In alternative embodiments, the spring assembly 136 may be configured differently, including with a different positioning, number, or style of springs (e.g., coil spring, elastomer button). As one example, an alternative embodiment could utilize one or more torsion springs and a tension/compression spring. The torsion spring or springs may be positioned with a first end extending across a portion of the cap 120 and a portion of the base 126 such that it engages whichever portion is closer to the neutral angle of the cap 120, and a second end extending across a portion of the cap 120 and a portion of the base 126 such that it engages whichever portion is closer to the neutral angle of the cap 120. The tension/compression spring may be positioned so that its first end is connected to the cap 120, its second end is connected to the base 126, and it is under either tension or compression causing it to exert a force on the cap 120 when cap 120 is linearly displaced from the first axis 116. This configuration causes the cap 120 to return to its neutral angle when released, as the torsion spring is compressed between the cap 120 on one end and the base 126 on the other end if the cap 120 is moved away from the neutral angle, and return to its neutral position when released, as the tension/compression spring exerts a constant force on the cap 120 in the direction of the neutral position. In all these configurations, the spring assembly may be composed of different materials, including metals and elastomers, to achieve the desired properties and features.

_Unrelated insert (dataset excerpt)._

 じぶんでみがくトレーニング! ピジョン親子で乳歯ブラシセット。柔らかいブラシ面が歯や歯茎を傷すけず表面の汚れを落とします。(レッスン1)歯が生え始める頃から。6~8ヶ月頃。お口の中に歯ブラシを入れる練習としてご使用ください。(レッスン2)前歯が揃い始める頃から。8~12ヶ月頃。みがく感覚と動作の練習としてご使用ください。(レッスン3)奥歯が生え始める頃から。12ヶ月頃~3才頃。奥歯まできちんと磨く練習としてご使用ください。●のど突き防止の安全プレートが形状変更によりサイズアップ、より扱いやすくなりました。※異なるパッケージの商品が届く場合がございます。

FIG. 2a illustrates the first user control 110 with the cap 120 at the neutral angle and the neutral position. This may also be referred to as the center, relaxed, or unactuated state or position of the first user control 110.

FIG. 2b illustrates the first user control 110 with the cap 120 at the neutral angle and the depressed position. A user may actuate the first user control 110 by exerting a force on the surface 122 in the direction of the first axis 116, or opposite the direction of a normal of the surface 122, overcoming the resistance to such movement exerted by the first spring 138 and the second spring 140 of the spring assembly 136. This actuation may also be referred to as a press, click, or push of the first user control 110. Relative to base 126, the direction of the force necessary to depress the cap 120 may shift, as it depends on the rotational position of the cap 120.

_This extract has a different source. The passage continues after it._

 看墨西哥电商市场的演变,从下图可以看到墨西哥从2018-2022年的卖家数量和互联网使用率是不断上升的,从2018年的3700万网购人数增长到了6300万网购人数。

FIG. 2c illustrates the first user control 110 with the cap 120 at an angle between the neutral angle and the minimum angle and the depressed position. A user may actuate the first user control 110 to the position illustrated in FIG. 2c by rotating the cap 120 about first axis 116 and then depressing the cap 120, which may be referred to as linearly displacing the cap 120, to the depressed position. A user may actuate the first user control 110 by placing a finger on the ridge 124 of the cap 120 and exerting force on one side of the ridge to produce a torque on the cap 120 that causes it to rotate. A user may also place a finger on the surface 122 of the cap 120 and rely on the fraction between the user's finger and the surface 122 to exert a torque on the cap 120.

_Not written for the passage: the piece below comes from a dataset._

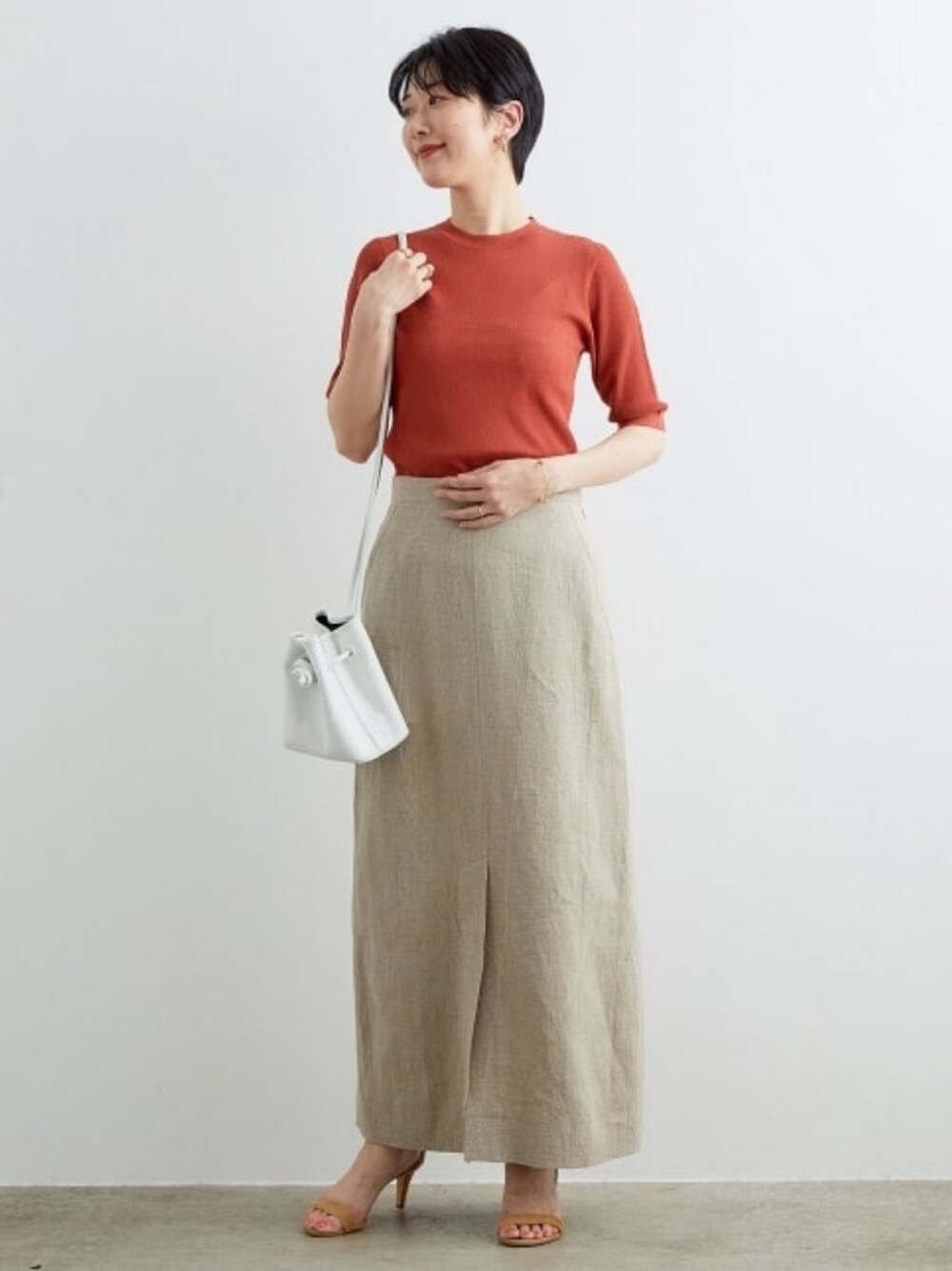 上品な透け感がすてきな細身のリブトップスに、ロングスカートを合わせたスタイルです。 トップスに程よいフィット感があるので、スカートのシルエットが活きるバランスになっています◎ STAFF:160cm

The maximum angle of the first user control 110 may be limited by the first spring 138 and/or the first stop 142, which may also be referred to as a front stop. As the cap 120 reaches the maximum angle, the first spring 138 reaches its maximum compression and prevents further rotation of the cap 120. As the cap 120 reaches its maximum angle, the first stop 142 may be positioned so that it contacts the base 136, as shown in FIG. 2C, thereby preventing further rotational movement of the cap 120. Similarly, the minimum angle of the first user control 110 is reached when the second spring 140 reaches its maximum compression, and the second stop 144 (which may also be referred to as a rear stop) contacts the base 126, both of which prevent further rotation of the cap 120. The first spring 138, second spring 140, first stop 142, and second stop 144 each act as stops for the cap 120 for the first user control 110.

When the cap 120 is displaced from the neutral position, the application of force on the surface 122 by a user may actuate the cap 120 toward the depressed position but it may also generate a net torque on the cap 120 which may cause rotational displacement of the cap 120 relative to the base 126. A user may manually compensate for this torque in order to keep the cap 120 at the same rotational displacement, or may allow the cap 120 to rotate to some extent while linearly displacing the cap 120. The spring assembly 136 may be positioned and designed so as to carefully balance spring forces so as to enable a user to control both rotational and linear displacement as independently from each other as possible.

FIG. 2d illustrates the first user control 110 with the cap 120 at the minimum angle and the neutral position. As discussed above, the spring assembly 136 may be configured such that the user may actuate the cap 120 to the maximum or the minimum angle without causing linear displacement. As one example, the first spring 138 and the second spring 140 may each have spring constants and have their ends positioned such that the force exerted by the spring assembly 136 opposing linear displacement is greater than the net linear force caused by a user rotationally displacing cap 120. This arrangement allows the user to exert a force on the surface 122 or the ridge 124 which is sufficient to cause the cap 120 to rotate to its maximum or minimum angle, but which is less than the force required to depress the cap 120 from its neutral position.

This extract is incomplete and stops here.